15. Het hof heeft vastgesteld dat tussen [de minderjarige] en de biologische vader een goede band bestaat. Tijdens het kinderverhoor heeft [de minderjarige] verklaard dat hij zijn biologische vader, die hem heeft erkend, de laatste tijd regelmatig ziet en dat het contact met hem prettig is. [de minderjarige] vindt het aangenaam om met de biologische vader uitstapjes te maken en hij zou het leuk vinden om een keer samen met hem op vakantie te gaan. Tijdens het kinderverhoor heeft [de minderjarige] verder verklaard dat hij de partner van de moeder, met wie hij al zeven jaar in gezinsverband samenleeft, als een tweede vader ziet met wie hij goed overweg kan. Hij heeft tot slot verklaard er niet bevreesd voor te zijn dat het contact tussen hem en de biologische vader zal verslechteren, indien het verzoek van de moeder en haar partner wordt toegewezen.

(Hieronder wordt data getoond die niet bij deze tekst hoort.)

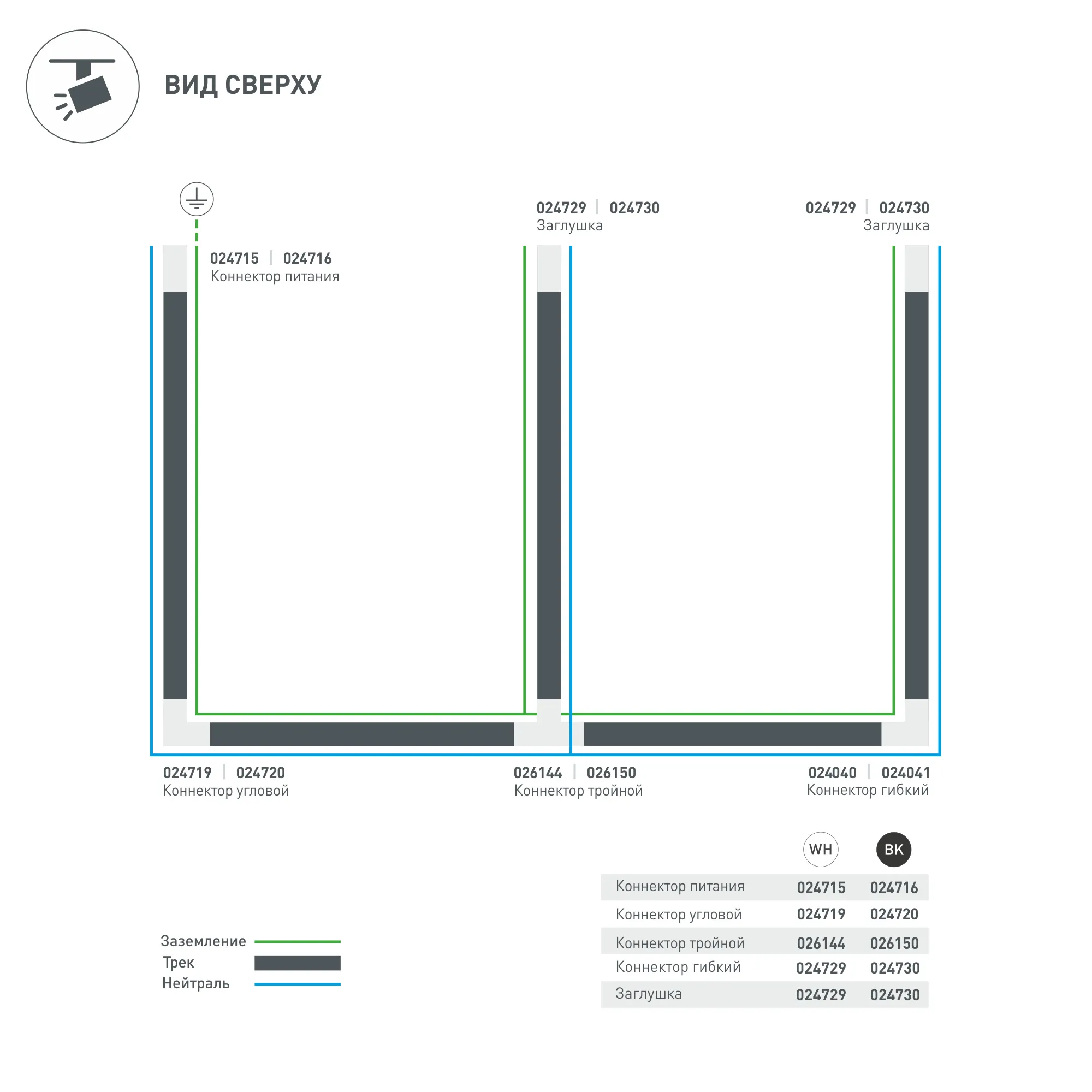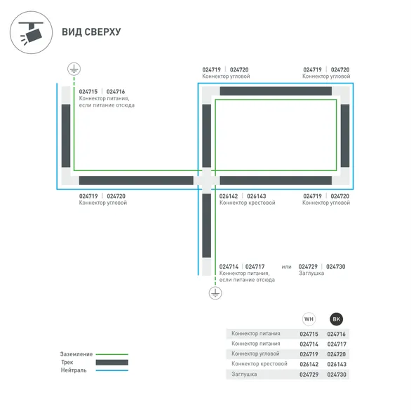 Угловой коннектор 90° LGD-4TR-CON-L-INT-WH (C) с питанием по внутренней стороне. При использовании с треками и аксессуарами другой серии возможно отличие по цвету.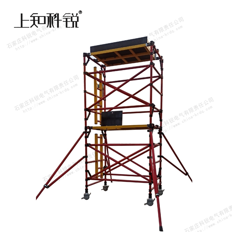 上知科锐绝缘脚手架优势:绝缘杆选用乙烯酯树脂双层缠绕,绝缘杆有韧性而且抗拉能力强,连接件全部采用防紫外线尼龙材质。

16. Gelet op de hiervoor in rechtsoverweging 15 genoemde omstandigheden, in onderlinge samenhang bezien, is het hof van oordeel dat er geen gegronde vrees bestaat dat bij inwilliging van het verzoek van de moeder en haar partner de belangen van [de minderjarige] zouden worden verwaarloosd. Het hof heeft de belangen van de biologische vader in zijn oordeel betrokken. De omgang met [de minderjarige] en de informatie over [de minderjarige] zijn door het goede vader-zooncontact gewaarborgd. De biologische vader heeft naast de hiervoor in rechtsoverweging 9 weergegeven omstandigheden geen andere omstandigheden aangevoerd die tot een ander oordeel zouden moeten leiden.
17. Gelet op het bovenstaande dient de bestreden beschikking te worden bekrachtigd.
BESLISSING OP HET HOGER BEROEP
bekrachtigt de bestreden beschikking.
Deze beschikking is gegeven door mrs. Van Leuven, Dusamos en Labohm, bijgestaan door mr. Sierksma als griffier en uitgesproken ter openbare terechtzitting van 21 juni 2006.